Turkana County should now start to build capacity

President Uhuru Kenyatta flags off one of the four trucks loaded with crude oil from Ngamia Eight on June 3, 2018 during the launch of the Early Oil Pilot Scheme. PHOTO | JARED NYATAYA | NMG

What you need to know:

  • The agreement on formula for sharing oil revenues shifts focus to new developments.
  • The national government will take 75 per cent of revenues, the county government 20 per cent and local communities 5 per cent.

The compromise on oil revenue sharing reached between the national and the Turkana county government was a win-win milestone for the emergent upstream oil sector.

The national government will take 75 per cent of revenues, the county government 20 per cent and local communities 5 per cent.

The local communities were defined as the sub-counties in which the oilfields are located.
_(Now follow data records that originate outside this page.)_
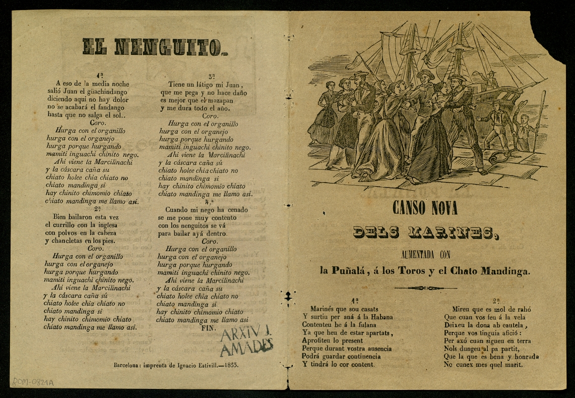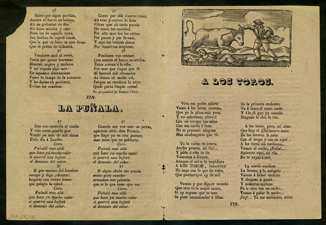 Ortal, Ramon. (1853) "Cansó nova dels mariners ; La Puñala ; A los toros ; El nenguito". Centre de Documentació de Cultura Popular. <http://hdl.handle.net/10687/121167>. [Consulta: ]
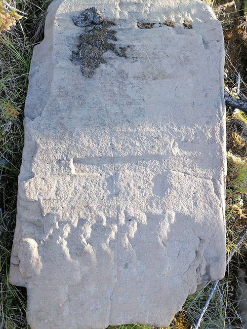 На фото 1 белый камень (почти прямоугольник). По обеим сторонам рисунок как «трактор проехал», а в середине четкий выпил какого-то рисунка. Он напомнил мне выпилы на камнях на горе Нинчурт у Сейдозера (см статью Лады Виольевой), где расположены остатки древнего сооружения.
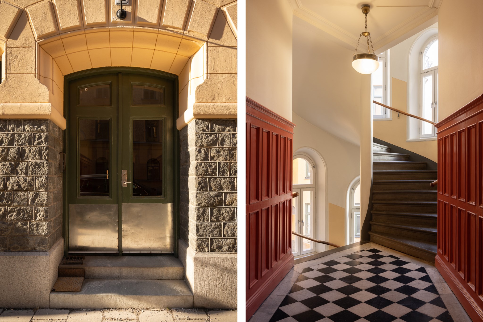 Välkomnande hall med plats för avhängning och gott om förvaring via dubbla garderober. I hallen möts du direkt av lägenhetens charm med ytskikt bestående av stengolv i grått som möter den ljusa fiskbensparketten. Säkerhetsdörr.
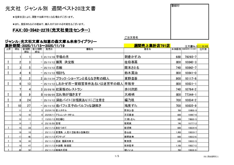 週間ベスト20の注文書を更新しました。(11/13~11/19売上分)
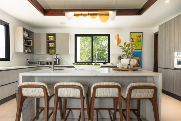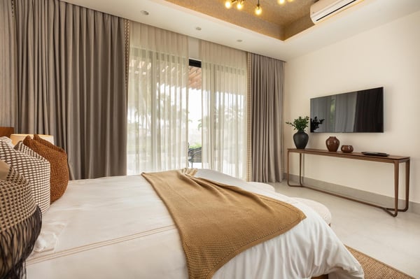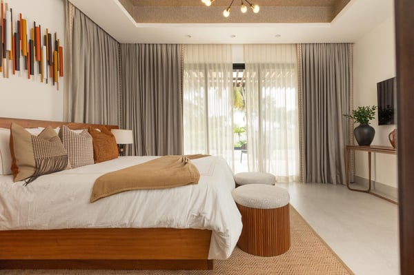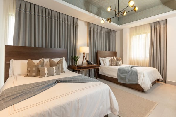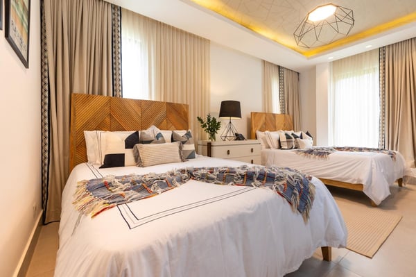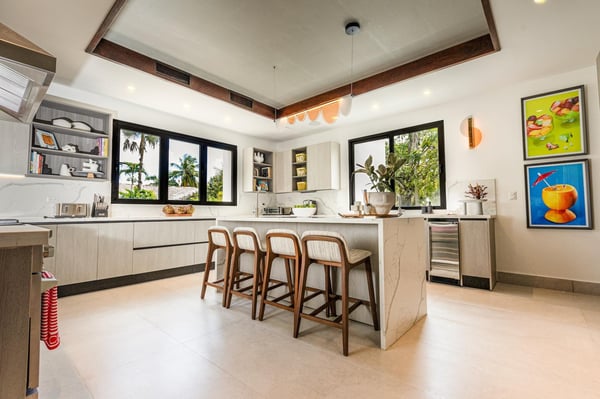 All guests must register with the Casa de Campo Concierge office, and for a small daily fee ($30 per adult per night & $15 per child per night), are granted access to resort areas and amenities. Casa de Campo Resort facilities and amenities include golf courses ($), the fitness centre ($), racquet center ($), restaurants ($) and bars ($). Contact Rental Escapes for more information about pricing. This modern and elegant villa offers a luxurious retreat in the heart of Casa de Campo, just a short walk from the tennis and paddle center and minutes from the beach, marina, restaurants, and shops. Designed for both relaxation and entertainment, it’s the perfect destination for a family getaway or a golf vacation. The spacious two-story layout comfortably accommodates up to 12 guests across five beautifully appointed bedrooms, each with its own en-suite bathroom. Additional conveniences include a poolside half bath and a guest powder room. The villa features a fully equipped eat-in kitchen, a stylish studio, a refreshing pool, and an expansive jacuzzi, creating the perfect blend of comfort and sophistication. A dedicated staff, including a cook, housekeeper, and waiter, ensures a seamless and stress-free stay. Whether you’re enjoying a day on the golf course, lounging by the pool, or exploring the vibrant surroundings, this villa provides the ultimate Caribbean escape.
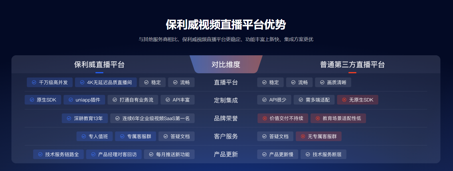 保利威为企业提供Webview集成、原生SDK集成、插件化+SDK集成及ODM定制等直播技术方案。机构可通过保利威提供的直播SDK&API,将直播间播放器嵌入自有小程序或App中,实现低成本二次开发、快速上线。同时,保利威开放了丰富API回调,可自定义数据回收,覆盖观看人次、时长等多类指标。直播间功能齐全,由保利威维护更新,集成配置简单,能够和学员管理、CRM、企微等业务系统打通,精准回收用户数据,为运营策略提供数据支撑。
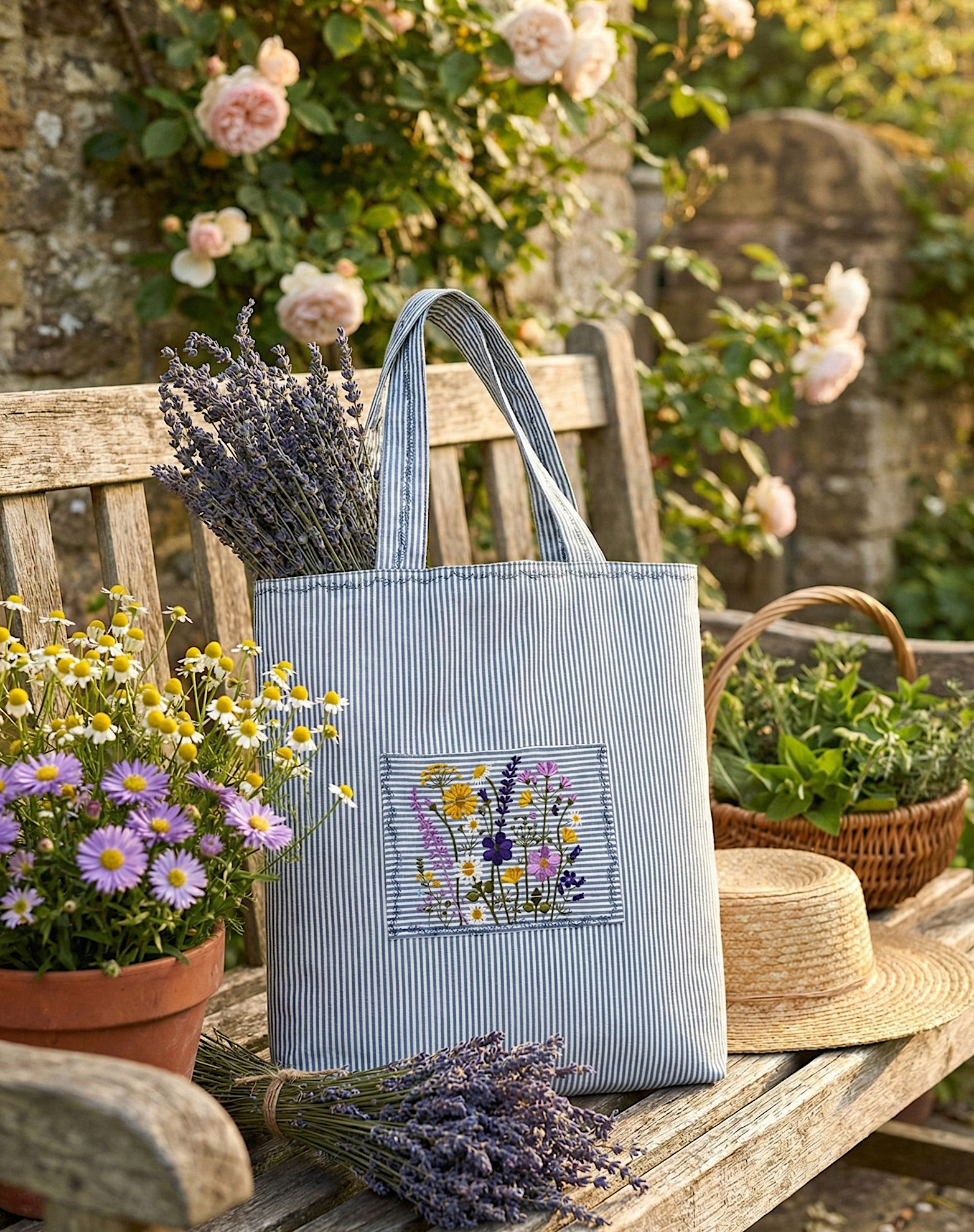 Originální taška z jemně modré proužkované bavlny zaujme na první pohled vyšívanou kapsou na přední straně. Výšivka s motivem lučních květin dodává tašce jemný, přírodní nádech a jedinečný vzhled.

The conditional capping for the county and community revenue shares was removed.

This will now allow the legislative work on the Petroleum Bill to be completed and pave the way for setting up of sector regulatory and institutional capacity necessary for the development and commercialisation of the oil reserves so that full exports via Lamu are realised by possibly 2022/23, the time when oil revenues will be expected to accrue.

With the local oil politics and conflicts now essentially simmered, it is time for the Turkana County to systematically and effectively integrate oil as one of the key county socio-economic sectors among others like livestock, fisheries, agriculture, mining and tourism.

The oilfields have a maximum life of 20-25 years. As such, oil should be seen by the county as a “transient” sector whose beneficial impacts on the county economy should be made to outlast the oil.

Even before oil revenues arrive, there will be plenty of economic activities happening in the construction of infrastructure for oil production and the export pipeline to Lamu.

Local capacity in the form of skills and enterprise are therefore immediately needed to allow Turkana people to either directly participate in these projects, or indirectly participate in tens of other indirect support services.

A number of initiatives by donors, NGOs, and investors to develop skills and enterprise capacity in Turkana have been ongoing.

However the Turkana County government should now proactively step up leadership and support for capacity building efforts to increase Turkana county share of these jobs and provision of services and materials.

The skills and enterprises should be as diverse and transferable as possible to allow application beyond oil and also beyond county boundaries.

Local economic participation is a very sensitive subject because, as was the case with oil revenue sharing, local content disputes can result in disruptive conflicts.

The county has to be proactive and prepare its people to understand their existing capacity and limitations, and also ongoing affirmative actions on local content.

Investor’s responsibility is usually limited to contracting for skills, services, and materials that meet basic standards. It is for the governments and diverse groups to ensure that these are available in the right quantity and quality.

If these are not locally available, the investors and their sub-contractors will seek them outside the county and country.

Now turning to capacity by Turkana county to absorb allocated oil revenue (a total of 25 per cent), the county government will need to firstly formulate “Turkana based” policy guidelines on how the oil money will be spent in the short, medium and long term. This will need to be a very inclusive all-stake-holders discussion preferably long before 2022/23.

Secondly, it will be the setting up of institutional and governance frameworks and systems at both County and Sub-county levels for accounting and spending the oil revenues.

Best practices on how local governments and communities have effectively utilized allocated oil revenues are available in countries like Indonesia, among others.

However it should be emphasized that Turkana County must develop systems to serve their unique needs. Turkana will be the “guinea pig” test case county for resource revenue management and as such they need to get it right first time.

Yes between now and 2022/23 Turkana County has a full agenda. The county will, on the subject of oil, need continuous positive engagement with investors, national government, and above all local communities.

In respect of local communities, correct information will need to be availed to minimize misconceptions, mistrust, and misplaced expectations.

Finally it is encouraging to learn that experts for production development and Lamu pipeline design have been identified, and that investor final investment decisions on the production and pipeline are possible by mid 2019, motivated of course by the ongoing firming up of global oil prices.